With an official letter to the UN Secretary General Turkey denies Greece and Cyprus practically of their legal rights to the continental shelf of the Easter Mediterranean. In an exclusive report, Liberal.gr reveals Turkey’s response to the deposition of the Joint Communiqué of Trilateral Greece – Cyprus – Egypt to the UN.

This letter attempts to serve as a warning for Cairo as well, as Ankara does not conceal its concern, due to its hostile relations with the Egypt’s moderate muslim government, over the talks between Greece and Egypt on the delimitation of their continental shelf. There is also a dispute on Cyprus’s intense cooperation with Egypt and their cooperation for the construction of a pipeline from the Cyprus EEZ to the Egyptian coast for the transfer of natural gas to be liquedified to the latter’s installations there.

In his letter dated March 27, 2018, Turkey’s Permanent Representative to the United Nations, Ferrindun Sinirlioglu, disputes the reference to the existence of “common maritime borders” between the three countries and repeats the unilateral claim of his country over all the continental shelf west of Cyprus and up to Crete and Rhodes!

The verbal statements, to which Turkey refers, describe the unilateral and arbitrary Turkish “delimitation” of the continental shelf in the Eastern Mediterranean, which Ankara believes should be made at the base of the equidistant line between the Turkish and Egyptian coasts, “wiping out” Greece and Cypriot from the area.

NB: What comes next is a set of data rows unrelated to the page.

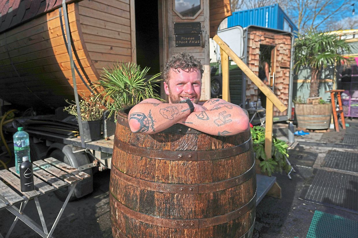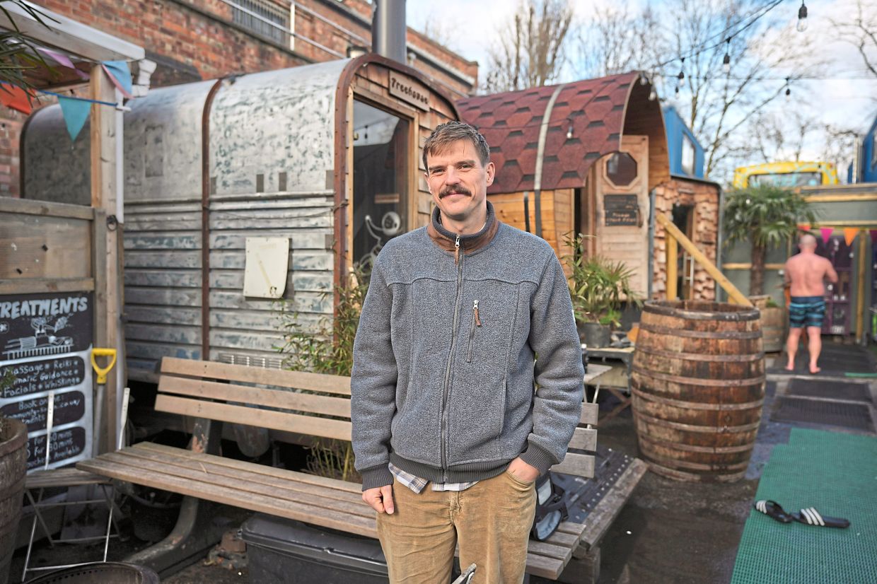 Charlie Duckworth, co-founder of the Hackney Wick Community Sauna Baths, posing in front of the sauna in London. — AP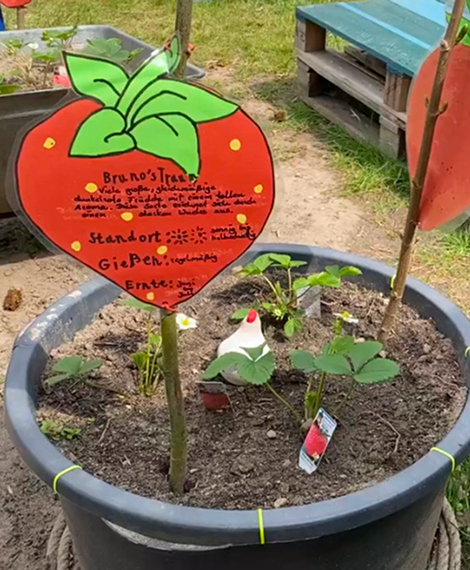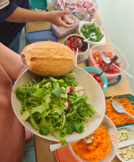 Bewusstmachen, dass wir zum Spielen, Lernen und Wachsen Energie benötigen, die aus gesunder Nahrung aufgenommen werden kann, ist das Ziel unseres regelmäßig durchgeführten Kochkurses im Jahrgang 3 und 4. Der Umgang mit der eigenen Gesundheit und dem eigenen Körper stehen dabei im Vordergrund. Gesunde Energielieferanten werden kennengelernt, Begriffe erklärt: Vitamine, Kohlenhydrate, Fette und Zucker. Gemeinsames Kochen im Rahmen des AID-Ernährungsführerscheins und gemeinsames Essen fördern das Zusammenleben und ein gesundes Essverhalten. Unterstützt wird das Projekt regelmäßig durch eine Ernährungswissenschaftlerin. Seit 2022 werden im Schulgarten eigenes Obst, Gemüse und Kräuter in kleinem Rahmen angebaut. Die Pflanzen werden in den Klassen vorgezogen, bei entsprechender Größe in Hochbeete nach draußen gepflanzt, beim Wachsen beobachtet und gepflegt. Nach abschließender gemeinsamer Ernte wird verzehrt und gemeinsam gekocht.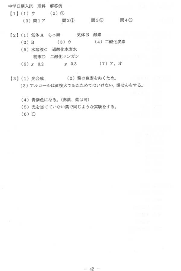 平成22年度入試過去問題 II期入試(理科 解答)(1ページ目)|静岡聖光学院中学校の入試過去問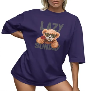 T-Shirt Oversize Luźna Koszulka Miś Róża Napis Xxxl Sukienka Jakość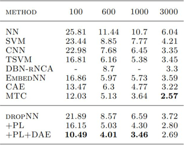 其中也包括 2.1 中提到的 Pseudo-Label 模型。尤其值得一提的是,Ladder 仅仅采用了不到 1% 的有标签数据就实现了 1% 的错误率,与完整数据集相比,仅低了 0.5%。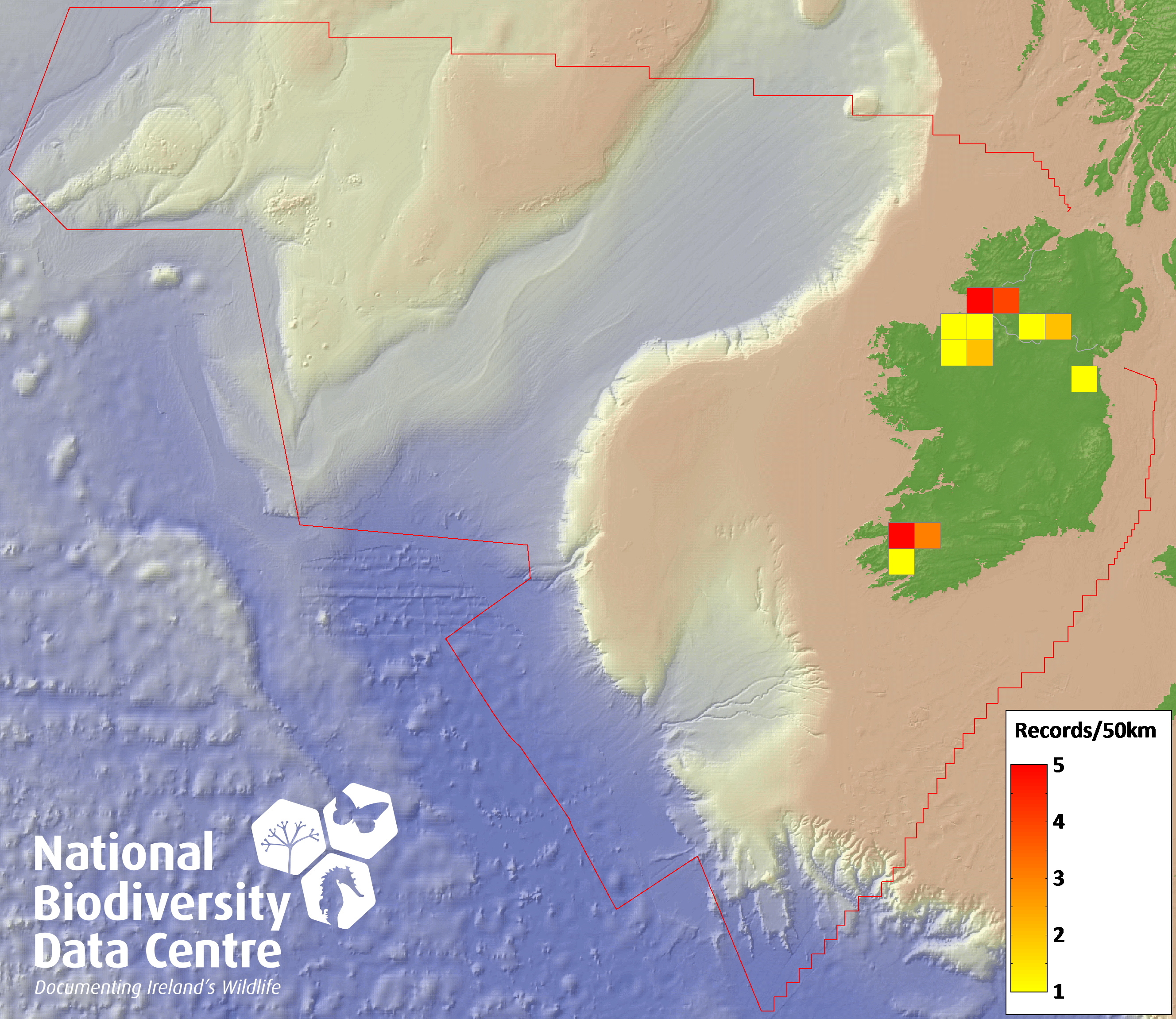 Distribution of the number of records recorded within each 10km grid square (ITM).Marine Map - 50km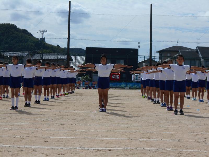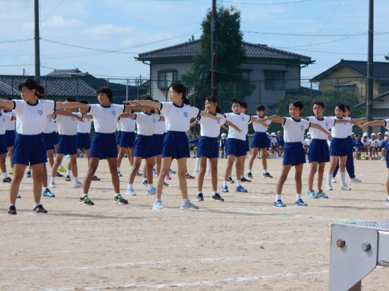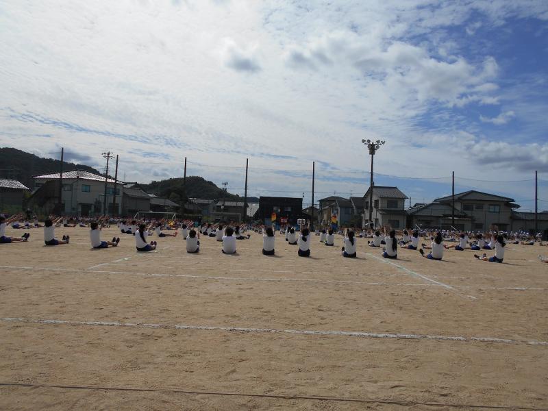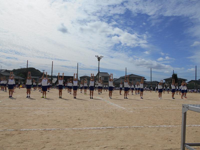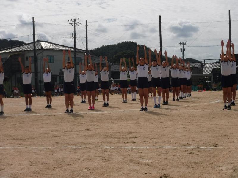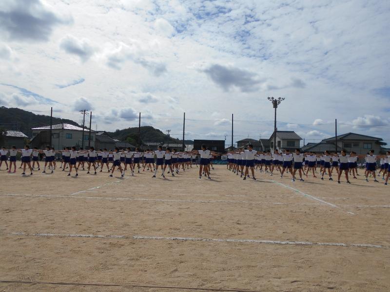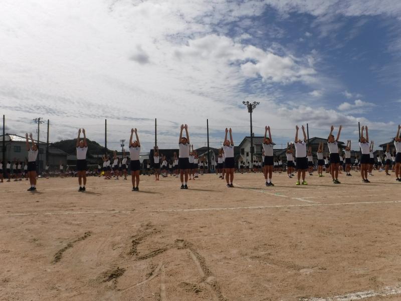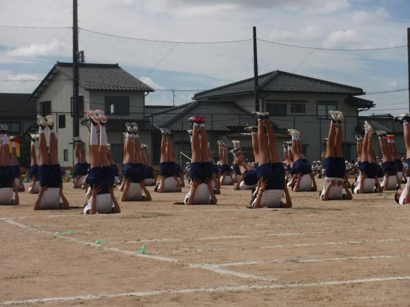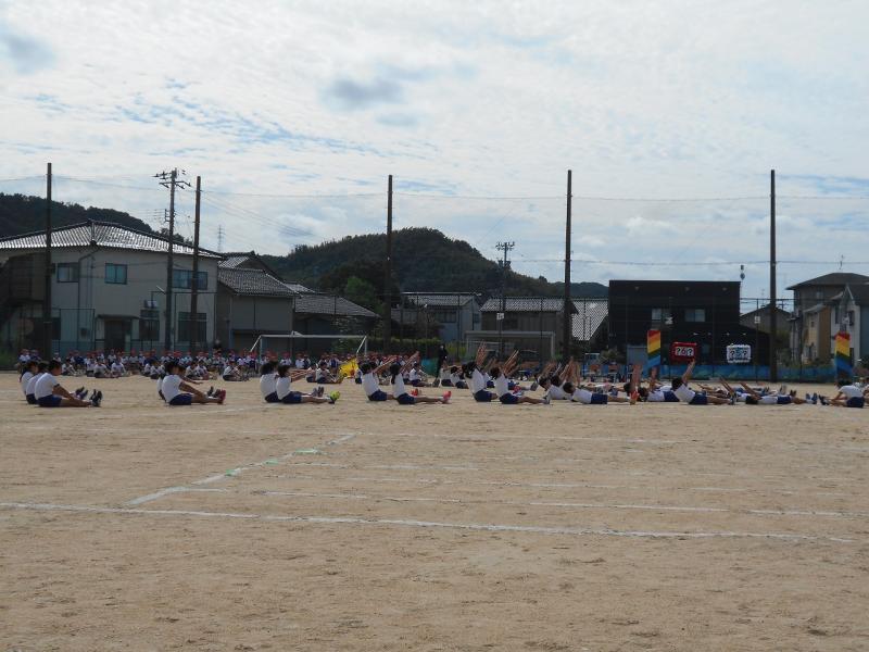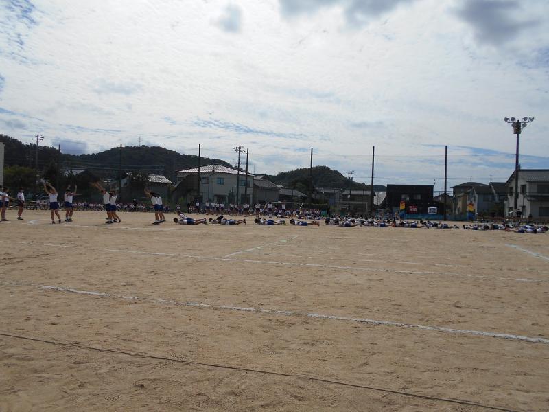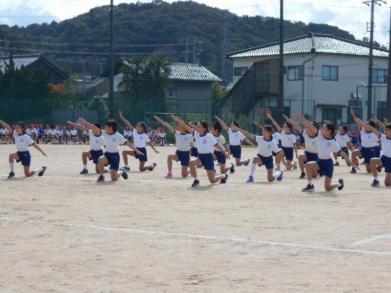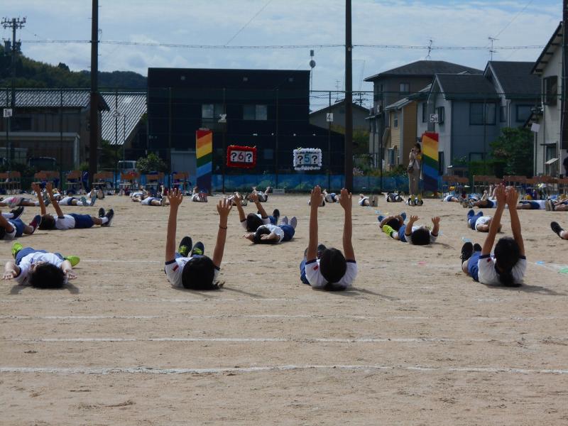 揃った動きの美しさに運動場中がシーンとなり5・6年生を見つめた集団演技「ONE」。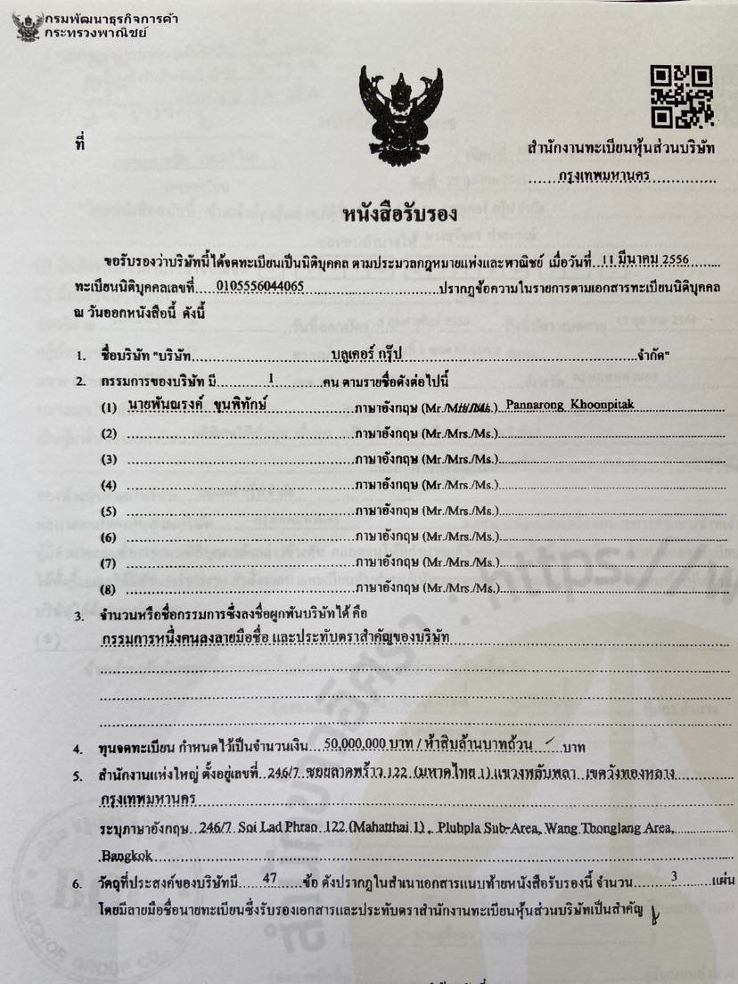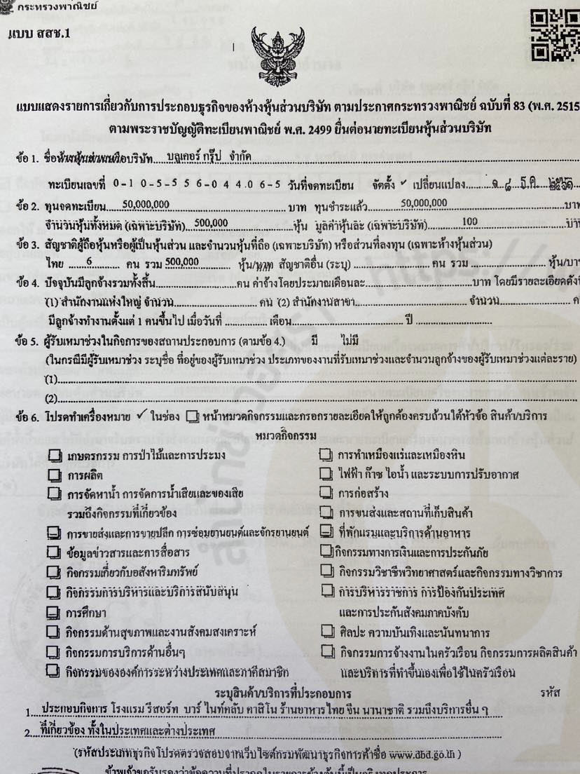 พร้อมกับ จดทะเบียนแก้ไขเพิ่มเติมวัตถุประสงค์ (แบบ สสช.1) ประกอบกิจการโรงแรม รีสอร์ท บาร์ กาสิโน ร้านอาหาร ที่เกี่ยวข้องในและต่างประเทศ

There are references to the illegal granting of the right to the Turkish company TRAO to conduct research for hydrocarbons, in areas which overlaps the continental shelf of Rhodes and Kastelorizo.

On 13 February, the Permanent Representatives of Greece, Cyprus and Egypt, Maria Theophilis, Cornelius Korneliou and Mohamed Omar Gand (A/72/760), filed with the UN the text of the Joint Declaration of the Tripartite Summit Tsipra-Sisi-Anastasiadis which took place on 21 November 2017 in Nicosia.

In the Declaration there was a paragraph dedicated to the three countries’ respect for the rules of the Convention on the Law of the Sea and, among other things, there was a clear reference to their “commitment to promote without delay the talks on demarcation of the common maritime borders” and at the same time inviting Turkey to stop illegal activities in the maritime areas of Cyprus and to avoid similar actions in the future.